NBJ: И, наверное, нет таких прецедентов, когда банк участвует в сомнительных схемах, а у него в клиентской базе только одна «паршивая овца»? Вероятно, такие «овцы» в определенных финансово-кредитных организациях сбиваются в «стада»?
Г. БОБРЫШЕВА: Бывает по-разному. Они то сбиваются в «стада», то начинают мигрировать, пытаясь найти пути обхода заградительных мер, которые предпринимают и кредитные организации, и государственные структуры. Не секрет, что транзитные фирмы, попадающие и под наше пристальное внимание, – это обычно компании с уставным капиталом в 10 тыс. рублей, созданные для осуществления одной-двух операций, без какой-либо налоговой нагрузки. Их можно распознать с очень большой степенью вероятности на ранних стадиях, потому что у банков на них глаз уже наметан. К ним может прийти представитель клиента в хорошем костюме с отглаженным воротничком, но если банк будет работать с его документами, попросит заполнить анкету, будет задавать «неудобные вопросы», то по реакции практически сразу поймет, с кем он имеет дело, и поставит диагноз.
NBJ: Это в идеале.
Г. БОБРЫШЕВА: Да. В жизни, конечно, все сложнее, но у финансовых организаций есть отличный опыт оценки рисков при кредитовании. Здесь банк рискует сам. Поэтому при проведении сомнительных операций финансовые организации также должны принимать на себя все последующие риски – финансовые и репутационные.

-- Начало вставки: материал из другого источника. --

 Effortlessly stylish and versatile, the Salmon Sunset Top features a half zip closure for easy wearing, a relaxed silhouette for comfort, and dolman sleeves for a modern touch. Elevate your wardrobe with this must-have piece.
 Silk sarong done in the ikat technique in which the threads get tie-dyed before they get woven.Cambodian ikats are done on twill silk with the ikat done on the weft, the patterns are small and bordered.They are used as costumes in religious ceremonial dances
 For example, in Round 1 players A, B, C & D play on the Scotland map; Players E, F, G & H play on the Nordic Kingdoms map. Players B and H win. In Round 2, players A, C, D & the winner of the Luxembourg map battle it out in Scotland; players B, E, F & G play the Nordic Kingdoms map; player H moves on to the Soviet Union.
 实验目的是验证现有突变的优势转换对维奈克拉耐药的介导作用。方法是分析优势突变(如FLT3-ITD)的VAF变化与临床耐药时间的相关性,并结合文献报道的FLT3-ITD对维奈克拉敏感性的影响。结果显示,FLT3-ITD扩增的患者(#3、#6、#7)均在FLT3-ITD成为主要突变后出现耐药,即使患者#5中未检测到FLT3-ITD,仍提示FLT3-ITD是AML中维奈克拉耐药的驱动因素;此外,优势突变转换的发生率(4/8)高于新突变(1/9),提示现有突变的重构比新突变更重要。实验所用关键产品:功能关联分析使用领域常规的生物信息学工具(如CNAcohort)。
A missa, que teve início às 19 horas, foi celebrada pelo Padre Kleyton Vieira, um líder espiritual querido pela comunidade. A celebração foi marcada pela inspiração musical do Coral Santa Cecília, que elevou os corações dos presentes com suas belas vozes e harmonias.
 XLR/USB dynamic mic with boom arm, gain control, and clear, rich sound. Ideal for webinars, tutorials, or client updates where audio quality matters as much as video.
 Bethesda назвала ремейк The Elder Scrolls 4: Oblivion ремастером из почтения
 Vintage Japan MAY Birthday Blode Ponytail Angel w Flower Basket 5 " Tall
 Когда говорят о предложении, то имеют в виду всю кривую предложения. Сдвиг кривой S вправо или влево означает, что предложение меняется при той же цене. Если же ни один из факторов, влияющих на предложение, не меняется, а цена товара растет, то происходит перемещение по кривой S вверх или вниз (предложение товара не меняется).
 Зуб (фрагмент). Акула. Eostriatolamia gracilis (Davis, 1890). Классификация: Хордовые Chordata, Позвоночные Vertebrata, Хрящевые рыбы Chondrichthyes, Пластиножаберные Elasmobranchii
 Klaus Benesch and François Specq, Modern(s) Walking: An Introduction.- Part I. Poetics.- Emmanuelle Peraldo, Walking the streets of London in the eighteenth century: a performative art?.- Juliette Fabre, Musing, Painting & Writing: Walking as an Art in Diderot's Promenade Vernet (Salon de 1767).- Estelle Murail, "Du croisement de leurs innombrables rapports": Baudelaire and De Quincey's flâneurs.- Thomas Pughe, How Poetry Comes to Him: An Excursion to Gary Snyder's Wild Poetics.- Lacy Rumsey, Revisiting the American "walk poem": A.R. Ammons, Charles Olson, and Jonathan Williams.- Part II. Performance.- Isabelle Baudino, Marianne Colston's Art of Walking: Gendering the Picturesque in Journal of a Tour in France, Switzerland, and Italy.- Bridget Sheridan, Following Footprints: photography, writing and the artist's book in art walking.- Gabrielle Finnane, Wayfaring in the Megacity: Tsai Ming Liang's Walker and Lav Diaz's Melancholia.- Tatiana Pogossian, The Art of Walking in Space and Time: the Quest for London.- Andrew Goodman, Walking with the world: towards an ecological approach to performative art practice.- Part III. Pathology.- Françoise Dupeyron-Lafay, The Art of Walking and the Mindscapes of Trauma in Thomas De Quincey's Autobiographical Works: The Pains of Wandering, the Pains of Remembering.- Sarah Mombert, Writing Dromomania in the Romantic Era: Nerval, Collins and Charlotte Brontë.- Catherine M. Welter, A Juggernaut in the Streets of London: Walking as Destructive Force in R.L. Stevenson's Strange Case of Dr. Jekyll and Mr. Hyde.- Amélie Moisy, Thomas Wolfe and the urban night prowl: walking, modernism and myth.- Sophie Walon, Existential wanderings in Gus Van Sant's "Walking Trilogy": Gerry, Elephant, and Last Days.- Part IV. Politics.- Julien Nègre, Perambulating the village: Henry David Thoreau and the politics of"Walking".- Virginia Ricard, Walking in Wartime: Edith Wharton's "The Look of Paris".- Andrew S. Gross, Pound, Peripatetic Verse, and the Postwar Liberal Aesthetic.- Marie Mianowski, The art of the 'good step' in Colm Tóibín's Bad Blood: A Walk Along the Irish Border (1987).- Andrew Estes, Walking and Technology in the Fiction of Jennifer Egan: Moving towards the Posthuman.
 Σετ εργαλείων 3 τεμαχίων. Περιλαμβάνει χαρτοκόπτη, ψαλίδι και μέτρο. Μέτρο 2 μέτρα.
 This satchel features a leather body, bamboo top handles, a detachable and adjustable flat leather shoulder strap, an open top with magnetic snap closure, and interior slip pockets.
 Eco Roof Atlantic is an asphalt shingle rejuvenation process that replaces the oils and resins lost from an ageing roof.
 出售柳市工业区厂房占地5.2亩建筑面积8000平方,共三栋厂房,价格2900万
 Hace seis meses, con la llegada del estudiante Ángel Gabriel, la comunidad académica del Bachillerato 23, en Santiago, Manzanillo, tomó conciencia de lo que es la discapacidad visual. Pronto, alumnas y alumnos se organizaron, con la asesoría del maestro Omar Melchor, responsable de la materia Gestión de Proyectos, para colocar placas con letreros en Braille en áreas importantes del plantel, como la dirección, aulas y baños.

NBJ: Положим, банк понял по финансовому поведению клиента, что дело нечисто, и отказал ему в обслуживании. Что ж, такой клиент, как вы сами сказали, наверняка начнет «мигрировать», то есть он будет искать себе другой банк для обслуживания, менее щепетильный и внимательный.
Г. БОБРЫШЕВА: Да, конечно же, транзитные фирмы предпринимают такие попытки, и это реальная проблема. Поэтому мысль законодателя пошла дальше, и он определил, что наиболее эффективным инструментом борьбы с этим явлением будет следующее. Информация о подобных клиентах, о тех, кому те или иные финансовокредитные организации отказали в обслуживании, должна быть известна всему финансовому сектору.
NBJ: «Черная метка»?
Г. БОБРЫШЕВА: Нет. Наличие подобной информации не означает, что все банки должны автоматически отказывать в обслуживании таким клиентам. Речь идет о том, что к подобным компаниям следует проявлять повышенное внимание. Законодатель в данном случае поступил достаточно либерально: он не обязал государственные структуры вести черные списки и не обязал финансово-кредитные организации отказывать по этим спискам. Кстати говоря, я хочу отметить, что в целом наше «антиотмывочное» законодательство – одно из либеральных в этом плане. Есть множество стран, где на практике все происходит куда более жестко и безапелляционно, чем у нас: есть попытка совершить подозрительную операцию – финансовая организация обязана отказать такому клиенту в обслуживании.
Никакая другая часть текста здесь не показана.